Osborne spoke to some eurozone finance ministers on Monday as they set about exploring ways to provide Greece with an interim loan while it thrashes out a third bailout deal to avert bankruptcy.
His intervention was designed to quash the idea, one of several under consideration in Brussels, of using the European Financial Stabilization Mechanism — a bailout fund created in 2010. The EFSM issues bonds backed by all 28 European Union members and was used to help Ireland and Portugal.
"Our eurozone colleagues have received the message loud and clear that it would not be acceptable for this issue of British support for eurozone bailouts to be revisited," a British finance ministry source told Reuters.
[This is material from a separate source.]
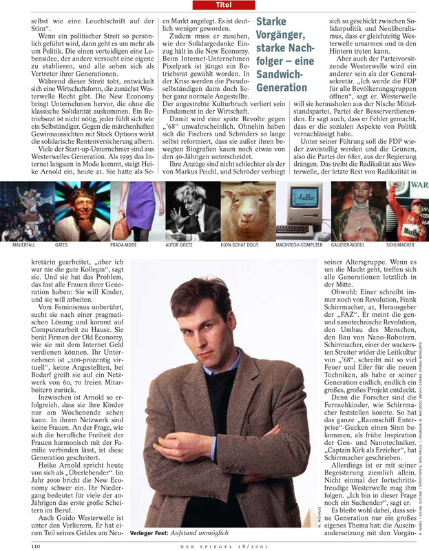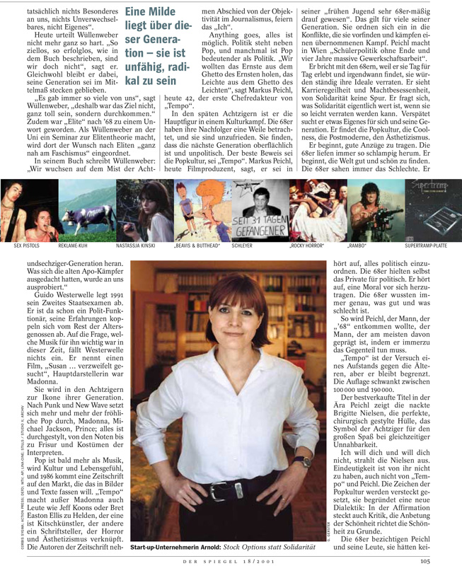 (...) Als 1995 das Internet langsam in Mode kommt, steigt Heike Arnold ein, heute 41. Sie hatte als Sekretärin gearbeitet, "aber ich war nie die gute Kollegin", sagt sie. Und sie hat das Problem, das fast alle Frauen ihrer Generation haben: Sie will Kinder, und sie will arbeiten. Vom Feminismus unberührt, sucht sie nach einer pragmatischen Lösung und kommt auf Computerarbeit zu Hause. Sie berät Firmen der Old Economy, wie sie mit dem Internet Geld verdienen können. Ihr Unternehmen ist "100-prozentig virtuell", keine Angestellten, bei Bedarf greift sie auf ein Netzwerk von 60, 70 freien Mitarbeitern zurück. Inzwischen ist Arnold so erfolgreich, dass sie ihre Kinder nur am Wochenende sehen kann. In ihrem Netzwerk sind keine Frauen. An der Frage, wie sich die berufliche Freiheit der Frauen harmonisch mit der Familie verbinden lässt, ist diese Generation gescheitert. Heike Arnold spricht heute von sich als "Überlebender". (...)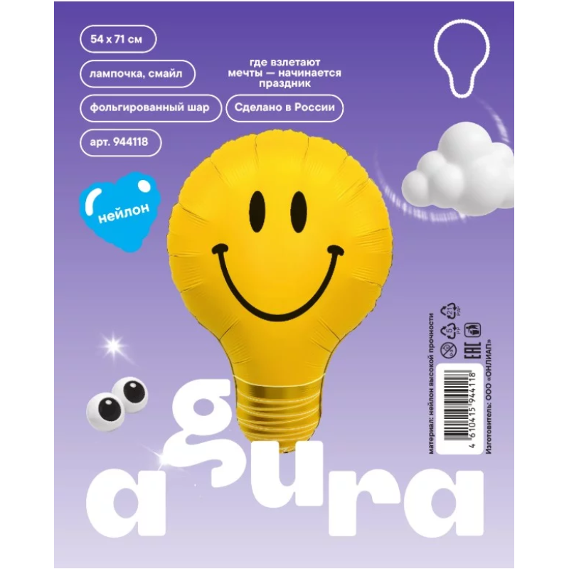 Шар (28''/71 см) Фигура, Лампочка Смайл, 1 шт. в уп., 944118

"The idea that British taxpayers money is going to be on the line in this latest Greek deal is a non-starter," said the source, who spoke on condition of anonymity.
One EU official said this EFSM option "was very unlikely to gain ground" and would likely not be discussed at Tuesday's meeting of all 28 EU finance ministers.
In 2011, Britain refused to allow the use of the EFSM to bail out Greece for a second time.
London could be outvoted on the issue, because the use of the EFSM can be decided by a qualified majority of EU states. That is 15 countries representing 65 percent of the EU's population. But EU institutions will be wary of angering British voters ahead of a referendum on Britain's EU membership by 2017.